§ **Problem details**: Your answer must be the line containing "El Instituto Nacional" and each following line to the end of the listing below, copied exactly, with pictures removed and nothing added.
══ Collected data ══
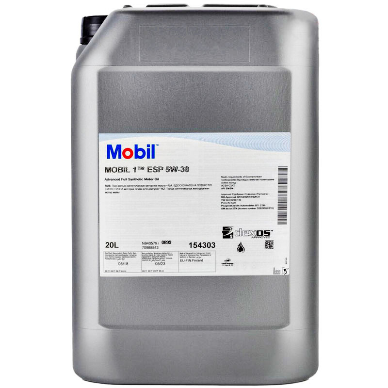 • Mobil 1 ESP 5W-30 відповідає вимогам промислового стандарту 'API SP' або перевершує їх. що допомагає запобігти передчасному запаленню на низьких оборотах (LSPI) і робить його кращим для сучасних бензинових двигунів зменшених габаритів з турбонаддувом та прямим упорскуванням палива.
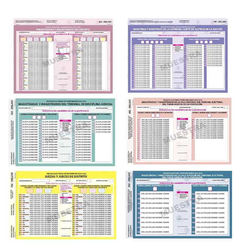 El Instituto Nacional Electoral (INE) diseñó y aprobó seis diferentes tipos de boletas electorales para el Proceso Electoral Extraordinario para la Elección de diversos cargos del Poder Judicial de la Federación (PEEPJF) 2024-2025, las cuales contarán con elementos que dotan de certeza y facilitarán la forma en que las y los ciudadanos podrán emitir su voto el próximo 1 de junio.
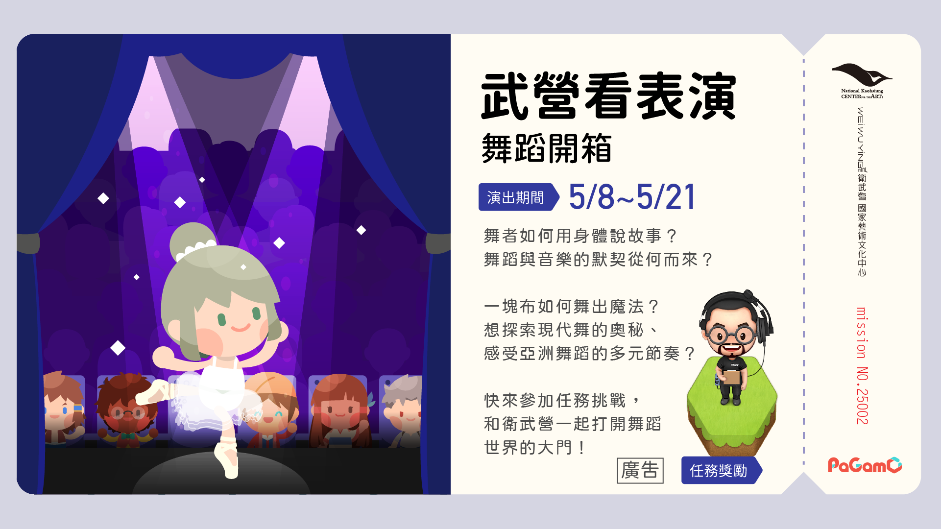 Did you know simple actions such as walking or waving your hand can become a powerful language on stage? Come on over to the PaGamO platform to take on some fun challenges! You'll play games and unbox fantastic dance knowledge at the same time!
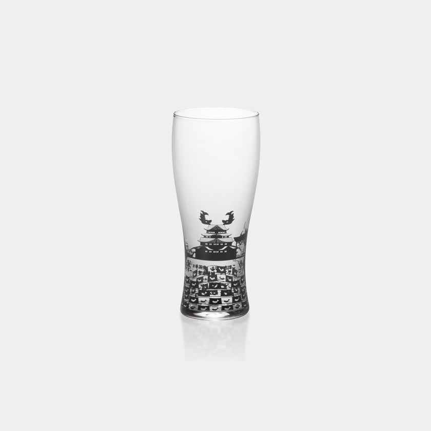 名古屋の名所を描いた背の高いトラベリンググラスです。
═══
§ **Solution to the problem**:
 El Instituto Nacional Electoral (INE) diseñó y aprobó seis diferentes tipos de boletas electorales para el Proceso Electoral Extraordinario para la Elección de diversos cargos del Poder Judicial de la Federación (PEEPJF) 2024-2025, las cuales contarán con elementos que dotan de certeza y facilitarán la forma en que las y los ciudadanos podrán emitir su voto el próximo 1 de junio.
 Did you know simple actions such as walking or waving your hand can become a powerful language on stage? Come on over to the PaGamO platform to take on some fun challenges! You'll play games and unbox fantastic dance knowledge at the same time!
 名古屋の名所を描いた背の高いトラベリンググラスです。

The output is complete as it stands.